Normalizer of a group and its relation to a subgroup
Quote:
Let H be a subgroup of a group G.
a) Show that $\displaystyle H \leq N_G(H)$. Give an example to show that this is not necessarily true if H is not a subgroup of G.
b) Show that $\displaystyle H \leq C_G(H)$ if and only if H is abelian.
For a) I proved the subgroup property. My problem is the example. H clearly has to be a group of some kind else the statement "H is not a subgroup of N_G(H)" is empty of meaning. So H has to be a group, but not a subgroup of G. I can't image how this could arise. Any hints?
For b) I have proven that if H is abelian then $\displaystyle H \leq C_G(H)$. I am having trouble with "If $\displaystyle H \leq C_G(H)$ implies H is abelian. If $\displaystyle C_G(H)$ were abelian it would be easy, but I don't think this is true.
Thanks for any help!
-Dan
Re: Normalizer of a group and its relation to a subgroup
I would think that the problem in (a) would refer to a a SET H, where we can still form the set:
N(H) = {g in G: gH = Hg}.
It is not hard to show that this is still a subgroup of G:
For g,g' in N(H), we have:
(gg')H = g(g'H) = g(Hg') = (gH)g' = (Hg)g' = H(gg').
Now, suppose g is in N(H), so gH = Hg.
Then H = eH = (g-1g)H = g-1(gH) = g-1Hg, so that:
g-1H = g-1H(gg-1) = (g-1Hg)g-1 = Hg-1, so g-1 is in N(H).
It is quite easy to construct a counter-example: Let G = S3, with H = {(1 2),(2 3)}. Then:
H(1 2) = {e, (1 3 2)} ≠ (1 2)H = {e, (1 2 3)}
H(2 3) = {(1 2 3), e} ≠ (2 3)H = {(1 3 2), e}
H(1 3) = {(1 3 2), (1 2 3)} = (1 3)H = {(1 2 3), (1 3 2)}
H(1 2 3) = {(2 3), (1 3)} ≠ (1 2 3)H = {(1 3), (1 2)}
H(1 3 2) = {(1 3), (1 2)} ≠ (1 3 2)H = {(2 3), (1 3)}
so we see that NG(H) = {e, (1 3)}, and H is not contained in this subgroup of G.

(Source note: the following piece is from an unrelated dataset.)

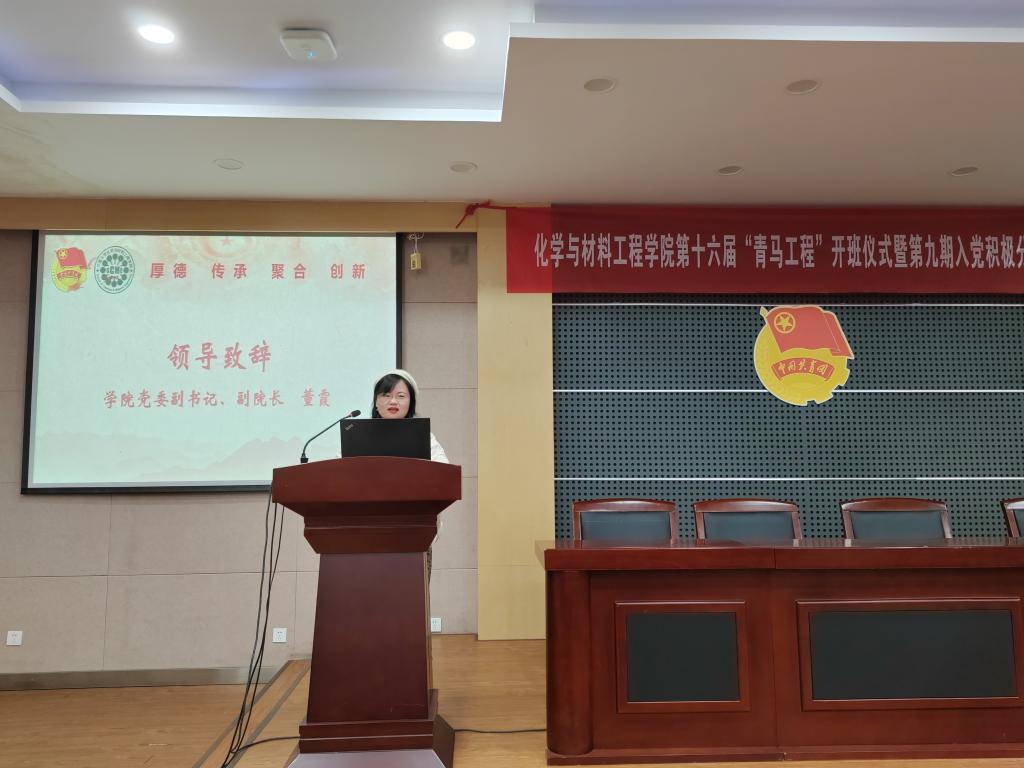 第十六届“青马工程”开班仪式暨第九期入党积极分子培训在化工楼B329会议室举办。学院党委副书记、副院长董霞,学院关工委委员、校特邀报告员、特邀党建组织员蒋平平、学工办主任兼分团委书记鞠峰,2021级本科生辅导员、党建辅导员郝林青,2024级本科生辅导员马之禾,第十五、十六届“青马工程”学员以及第九期入党积极分子150余人参加本次活动,活动由分团委学生副书记刘亦菲主持。

(the main reason this fails is that an arbitrary subset need not be closed under multiplication, so need not be self-conjugate:
hHh-1 might not be H...this can't happen if H is a subgroup since hHh-1 = (hH)h-1 = Hh-1 = H, for a subgroup H).
************
OK, for your second question:
Suppose we have H is contained in CG(H). This means that every element of H commutes with every OTHER element of H (since CG(H) is the subset of elements of G that commute with EVERY element of H).
So, we have for any h,h' in H:
hh' = h'h, that is: H is abelian.
Re: Normalizer of a group and its relation to a subgroup
Thanks. That did the trick. (One of these days I'm actually going to be able to do stuff like this myself. I'm just not thinking about these proofs the right way.)